My organisation is a navigational database provider established in the EU. Am I allowed to provide updates of my product to my Russian customer?
No. Providing updates to navigational database falls under the EU restrictive measures according to which it is prohibited to sell, supply, transfer or export, directly or indirectly, goods and technology suited for use in aviation or the space industry (i.e. aircraft, spacecraft and parts thereof), whether or not originating in the Union, to any natural or legal person, entity or body in Russia or for use in Russia (ref. Art. 3c(1) of Regulation (EU) 833/2014).
In addition, Article 2a of that Regulation explicitly bans the export of goods and technology which might contribute to Russia’s military and technological enhancement, such as software and technology for the “development”, “production” or “use” of navigation, airborne communication and other avionics equipment (cf. items X.D.V.001 and X.E.V.001 of Annex VII of the same regulation).
As a Russian citizen, am I allowed to fly an aircraft for private purposes in the airspace of the EU (e.g. exercise the privileges of my PPL, SPL, BPL or national pilot license issued to fly Annex I aircraft, such as microlights, etc.)?
No. According to Article 3d of Regulation (EU) No 833/2014, it is prohibited - among others - for any Russian registered aircraft, or for any non-Russian-registered aircraft which is owned or chartered, or otherwise controlled by any Russian natural or legal person, entity or body, to land in, take off from or overfly the territory of the Union.
Exercising private pilot privileges by Russian citizens, regardless of them holding another citizenship, falls under the prohibition for Russian natural persons to own, charter (any form of renting etc.) any aircraft in the airspace of the EU.
Is it allowed for Russian citizens to fly, either as pilot-in-command or co-pilot, a non-Russian registered aircraft that performs flights under a non-Russian air operator certificate (AOC), or an aircraft the owner of which is not Russian?

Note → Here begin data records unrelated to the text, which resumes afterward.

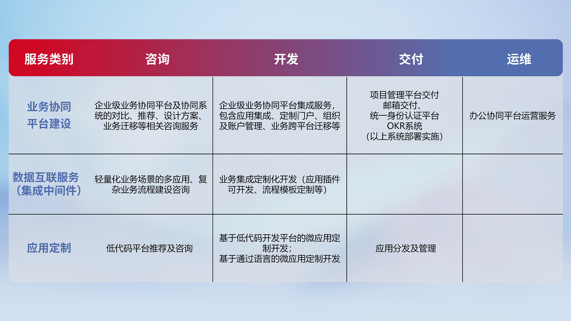 针对钉钉、、企微、、、IDaas等平台级产品提供产品的规划、、、方案、、、、交付、、、、定制化开发等服务,,,,实现如统一协同办公、、、智能客户服务、、、混合会议管理、、、智能数据查询、、、等业务场景,,,实现数字化转型。。
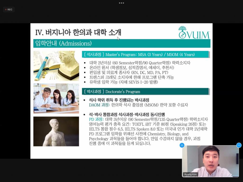 미동부 최고의 한의대인 버지니아 한의과대학교(Virginia University of Integrative Medicine, VUIM)에서 1월 봄학기를 앞두고 신입생 및 편입생을 모집하며, 입학설명회를 지난 16일 줌을 통해서 실시했다.
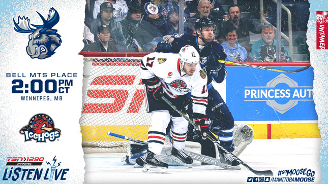 The Manitoba Moose (28-26-3-2) take on the Rockford IceHogs (27-24-3-6) this afternoon at 2 p.m. CT in a rematch of last night’s 3-1 Moose win. Tickets for today’s game are available at moosehockey.com/tickets.
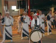 音頭取りの歌と囃子の合の手、 太鼓や三味線の鳴り物に合わせて人々が踊る。 荻野会長によると、 三味線が取り入れられたのは昭和54年からで、 それまでは太鼓だけだったそうだ。
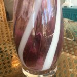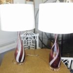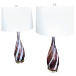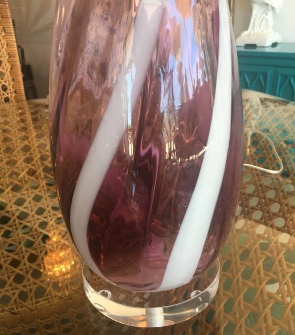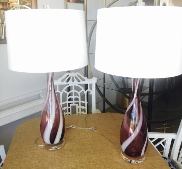 Amazing pair of vintage 1960s Italian Murano glass table lamps. Amethyst purple and white swirl color glass with Lucite base and matching Lucite chunky finials. These have been professionally rewired with new cords, chrome sockets and chrome harps.
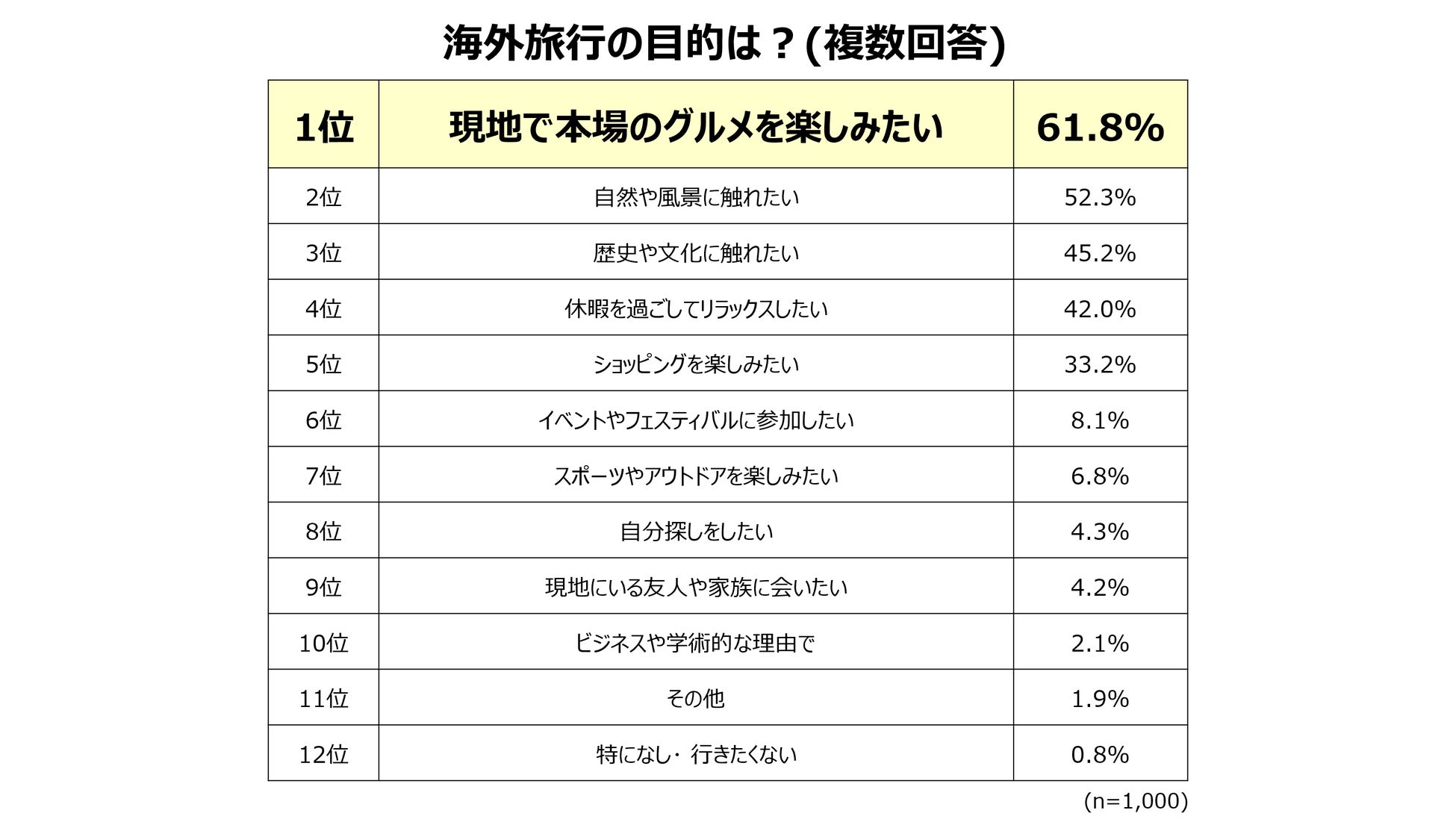 また、回答者全員に「海外旅行する場合の目的」を聞いた結果では、「現地で本場のグルメを楽しみたい」が最も高い回答割合で61.8%でした。
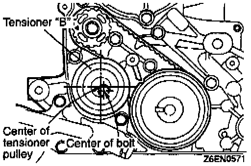 (3) Make sure that the relationship between the tensioner pulley center and the bolt center is as shown in the illustration.
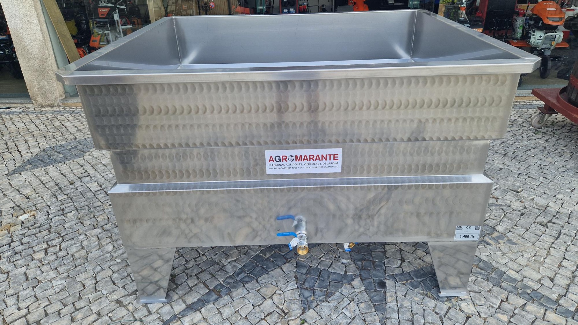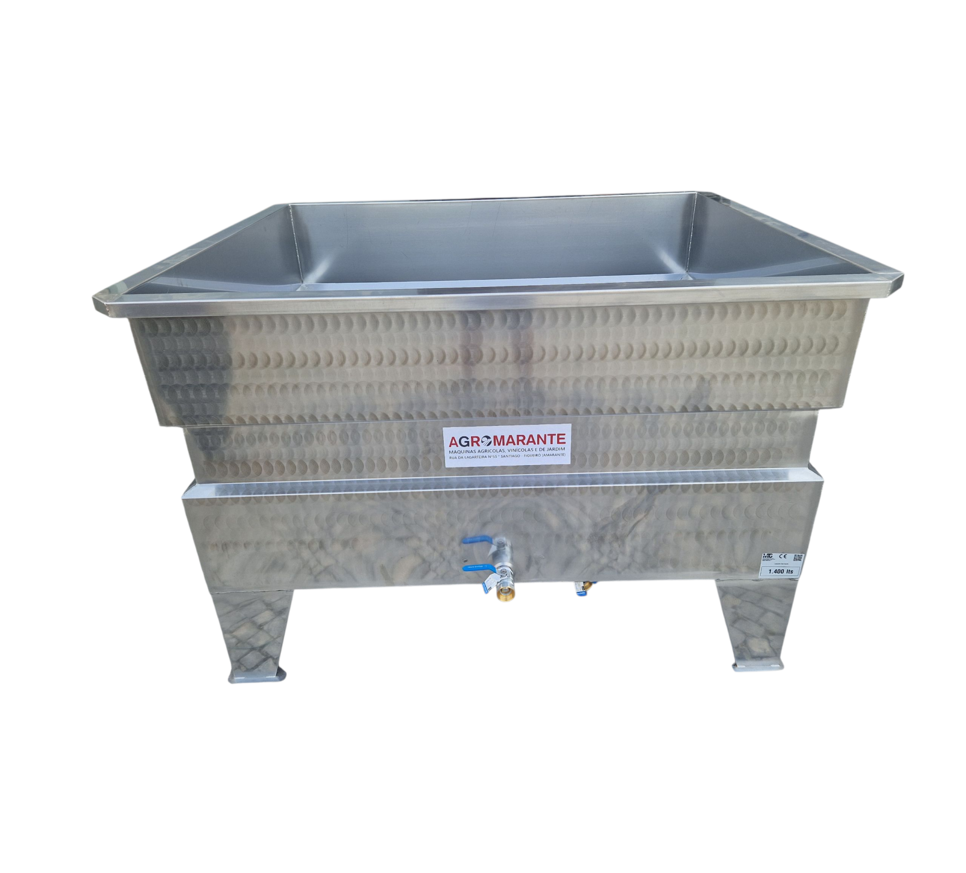 Lagar Inox 1400 Litros 1.000,00 € 1.519,85 € Desconto de %. Partilhar Comprar Contactar Lagar em Inox Inox: AISI304 Capacidade: 1400 Litros Medida Interior: 150x150x60 cm Medida Total: 166x166x90 cm Pernas: 5 Passador Saida: 1 1/4" Passador de Limpeza: 1 1/4" Inclui: Crivo no Fundo Peso: 74 kg Marca MTS Características
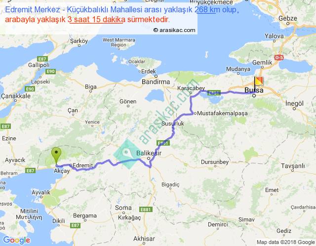 Edremit Merkez - Küçükbalıklı Mahallesi arası yaklaşık olarak 90 km/h ile yukarıda belirtilen sürede olup, iki yerin kuş uçuşu uzaklığı (mesafesi) 200'dir. Yolculuk otobüsle 4 saat 13 dakika sürmektedir.
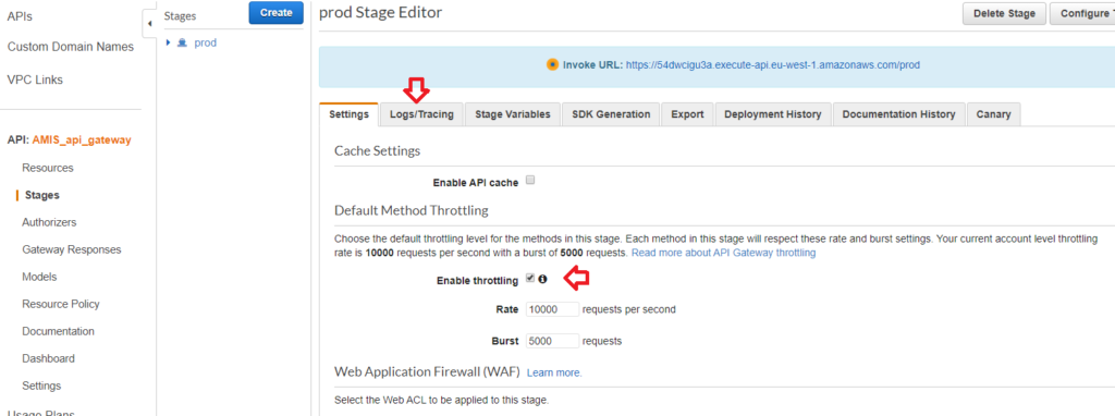 Another nice option is throttling: this is enabled by default. In our case, the allowed rate might be much too high: there is no way in which our cash machines will send 10000 requests per second. Throttling the number of requests per second might lower your bill when some nice fellow will send you thousands of rubbish messages per second. Your cash machines should be able to resend the message, though. Click on Logs/Tracing now:
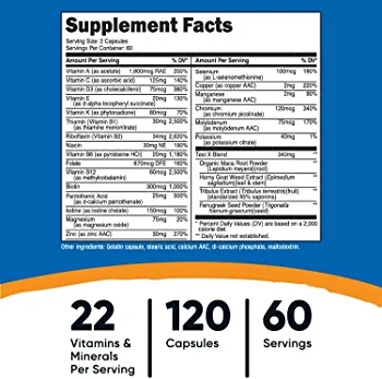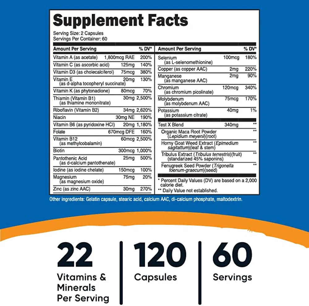 Over 20 Essential Vitamins & Minerals Formulated Specifically For Men's Health 1200mg Per Serving (60 Servings) 120 Capsules Per Bottle Non-GMO and Gluten Free Manufactured In a GMP Compliant, FDA Registered Facility Ingredients: Vitamin A, Vitamin C, Vitamin D3, Vitamin… Over 20 Essential Vitamins & Minerals Formulated Specifically For Men's Health 1200mg Per Serving (60 Servings) 120 Capsules Per Bottle Non-GMO and Gluten Free Manufactured In a GMP Compliant, FDA Registered Facility Ingredients: Vitamin A, Vitamin C, Vitamin D3, Vitamin E, Vitamin K, Thiamin, Riboflavin, Niacin, Vitamin B6, Biotin, Vitamin B5, Potassium, Calcium, Iodine, Magnesium, Zinc, Selenium, Copper, Manganese, Chromium, Molybdenum, Maca Root Powder, Epimedium, Tribulus Terrestris, Fenugreek Seed Powder, Gelatin, Silicon Dioxide, Titanium Dioxide, Blue #1, Red #3, Yellow #5

Yes, such flights are allowed provided that the pilot is an employee (or similar) of an air carrier or aircraft operator, provided that the aircraft is not operated by a Russian air carrier, not registered in Russia and not owned or chartered or otherwise controlled by any Russian natural or legal person, entity or body.
However, Russian citizens, if employed by a Russian operator, or operating privately with for example a PPL, are covered by the prohibition under Article 3dand are not allowed to land in, take off from or overfly the territory of the EU.
Is it allowed to register, and then fly an aircraft in an EU Member State when the aircraft is owned by a company incorporated in the EU, but the owner of that company is a Russian natural person?
The Sanctions Regulations do not prevent an EU Member State from putting the aircraft on its national register, but after registration the aircraft may not be allowed to fly:
- (i) if the owner of the company is a Russian citizen, the aircraft is not allowed to take off, land in or overfly the EU in accordance with Article 3d. The fact that the company is registered in an EU Member State does not change this.
- (ii) it is not possible to provide any economic resources, which includes services, to persons subject to an asset freeze and a prohibition to make resources available under EU sanctions, (e.g. Regulation 269/2014), hence it would not be possible to register any aircraft owned, directly or indirectly, or otherwise controlled by ‘listed’ Russian persons.
Why do the restrictive measures not include a general ban on an air carrier established in the EU (an AOC) from operating aircraft that would fall within the scope of article 3d(1) of Regulation (EU) No 833/2014 for flights outside the EU?
The measures are designed to affect flights into/from/over the EU territory.